Now comes the fun part. This track, narrow, grassy and littered with rocks takes a lot of concentration, but is never boring. The constant shifts of stride length and pace as you go up and down along the terrace feels, at least to me, like a more natural way of running. Jumping over rocks and streams, sidestepping through taller bracken, the path culminates in an all out sprint down to a small car park by the road.

Going alongside the road a little way, you cross over to a gate on the other side, which takes you on down to the lake shore. Watch out here for slippery wooden bridges. The path ascends quite painfully from the beach, but it’s not as steep as the first climb. Opening a gate part way up gives a small reprieve. Across the edge of a field, you come back into Lanthwaite woods, ducking and weaving your way through branches that crowd the path. There’s also a very nice downhill section with the added bonus of gorse bushes, leading to a small stream, which you cross before going back into the trees.

The last section of the run back through the wider forest paths seems to have a lot more uphill than you would notice if you were walking through it. Including a particularly long incline, after which it’s a downhill sprint back to the car park.

Loweswater (Length: 2.9 miles. Time: 40 mins. Ascent: 650ft.)

Happy to go a bit higher? This is a short run still, but it does involve a long uphill section. After which, it’s downhill all the way back to the car. Being a circuit again, this run can be done more than one way round. The advantage of going anti-clockwise is the fact that there’s a long downhill section, but the last part does go over a pretty horrible rocky farm track. Going the other way also has a nice downhill section, but after that it’s further back to the car.
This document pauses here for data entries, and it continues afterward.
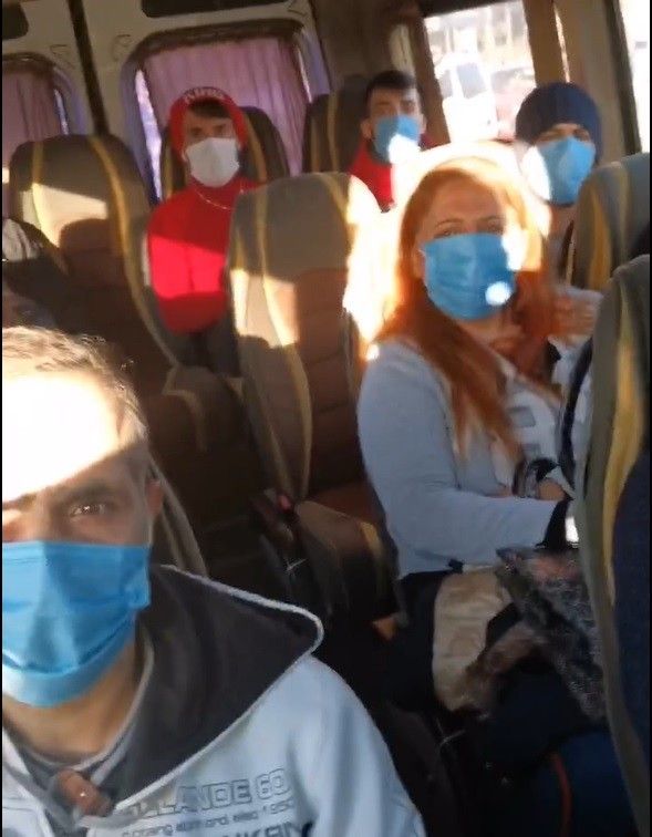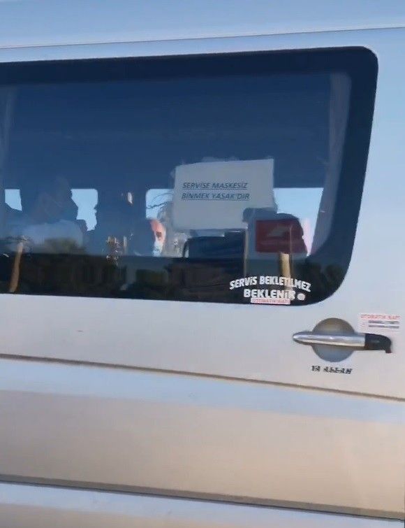 Gaziantep'te seyir halinde bulunan bir işçi servisinde yolcular, yanlarında seyir eden polis ekiplerini görünce maskelerine sarıldı. Üzerinde "maskesiz binilmez" uyarısının da bulunduğu aracı durduran ekipler, kuralları ihlal eden yolcu ve araç sürücüsüne ceza kesti.
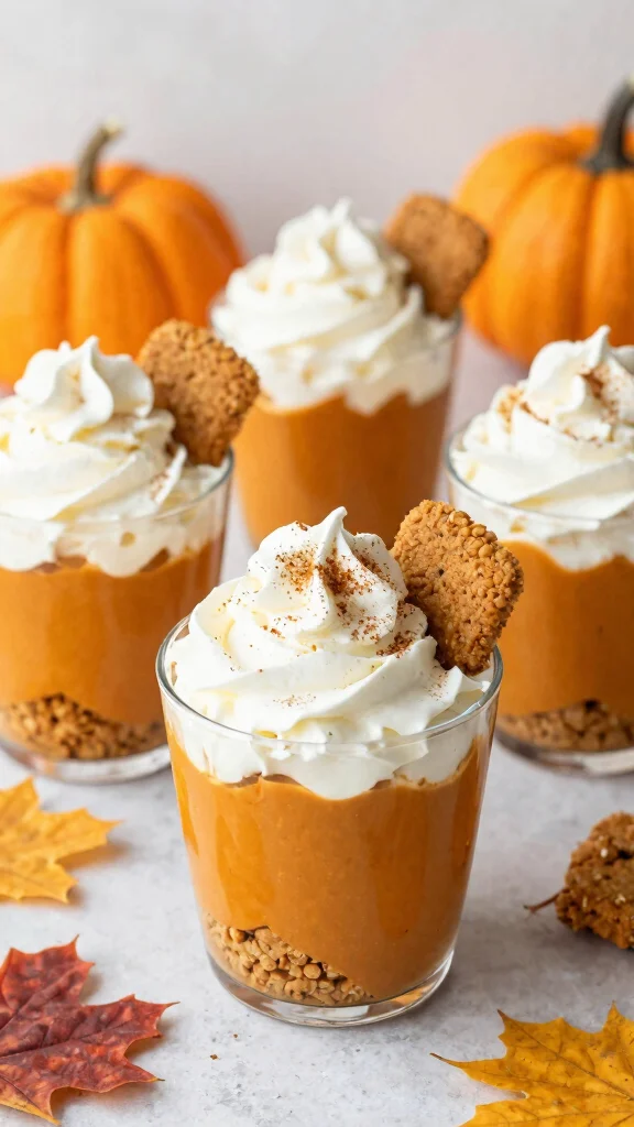 Mix pumpkin puree with Cool Whip and a hint of pumpkin spice, then layer this mixture with crushed graham crackers for texture. Not only do these cups taste fantastic, but their layered appearance is sure to impress your guests!
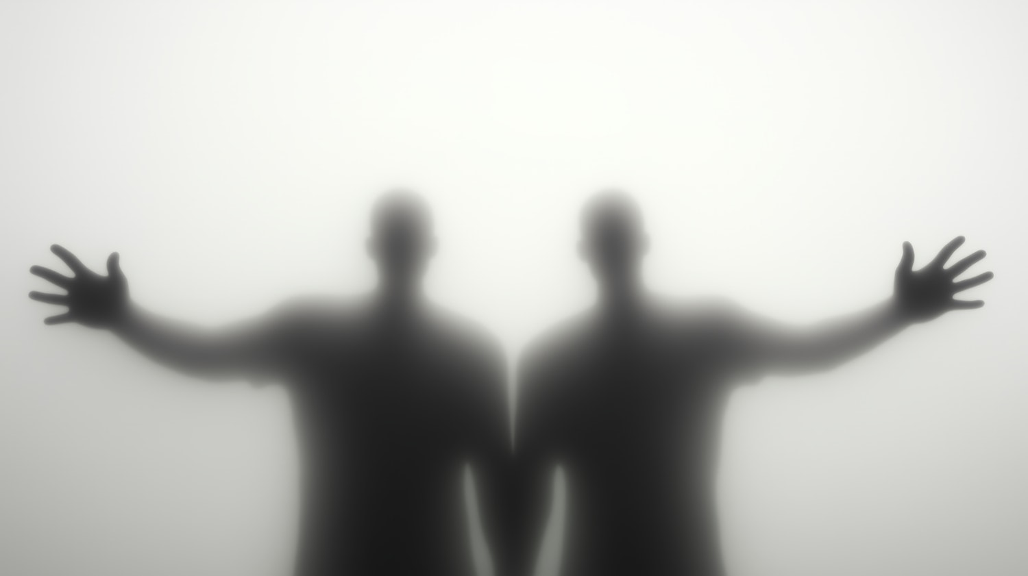 Two shadowy figures behind a frosted surface, one reaching out with splayed fingers, creating a mysterious and eerie atmosphere.
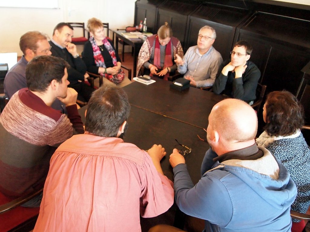 Und bereits am nächsten Morgen wurde weiter diskutiert. Dieses mal stand das Verhältnis Pfarramt und Verwaltungsamt zur Diskussion. An welcher Stelle kann wer, wem die Arbeit erleichtern? Wo kann das Amt Pfarrern und Gemeindebüros Verwaltung abnehmen, wo ist aber auch manches im Pfarrbüro zu leisten, um die Arbeit im Amt zu optimieren. Themen wie Friedhofsverwaltung, Meldewesen, Leistungen des Amtes bei Baumaßnahmen und die Sammlung von Kollekten standen im Mittelpunkt. Und es zeigte sich erneut, dass solche Gespräche, für die im Alltag keine Zeit ist, sehr fruchtbar sind.
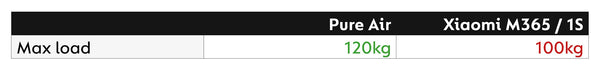 Premium Panasonic battery cells are fitted to the Pure Air, which helps to increase long-term lifespan, while it has a fast 4.5 hour battery recharge time from empty. The Xiaomi M365 / 1S’s battery charges a little more slowly at 5.5 hours.
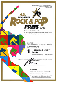 Platz 1 für den besten Keyboarder (Sven Selle) Platz 1 für den besten Gitarristen (Hörbie Schmidt)Platz 1 für die beste Cover-/Revivalband (Hörbie Schmidt Band – Tightrope) Platz 1 für das beste traditionelle Blues-Album (For Our Heroes – Own Style) Gewinnerin Deutscher Singerpreis ( Lili Czuya)

From Maggie’s bridge, there’s a hard, wide track leading towards the lake. If the gates are open, this is quite an easy section. If they’re not, then you either have to open them, or pick your way carefully across the cattle grids. A grassy shortcut presents itself close to the farm, crossing over a ditch and a narrow stream before meeting back up with the larger track into the woods. There are gentle ups and downs on this path, eventually crossing a wider stream at the lowest point. Either splash on through or use the bridge.

Now it’s the long slog uphill. It starts off gently at first, but once you take the next left, heading away from the lake, it gets a bit steeper. The path then doubles back, going towards the farm, but continues upwards. A short, muddy, but flatter stretch past a waterfall leads to a narrow track to the right. This is the steepest part of the run. At the end of this is a gate, where the path leaves the forest and goes along the top of it. And soon, you reach the highest part of the run.

It’s so tempting to go flat out down the hill, but the grass is slippery and the path is uneven. Even so, it’s not long before you reach a bridge. Crossing over, the path disappears into a bog, but it’s easy to pick up again. It’s the run’s way of getting back at you for using that bridge back in the woods. As you get closer to the farm again, big stones try to trip you up. Still going downhill, through the farm, it takes a lot of concentration to save your ankles. Then you come to the final muddy, rocky track through a field back to the car park.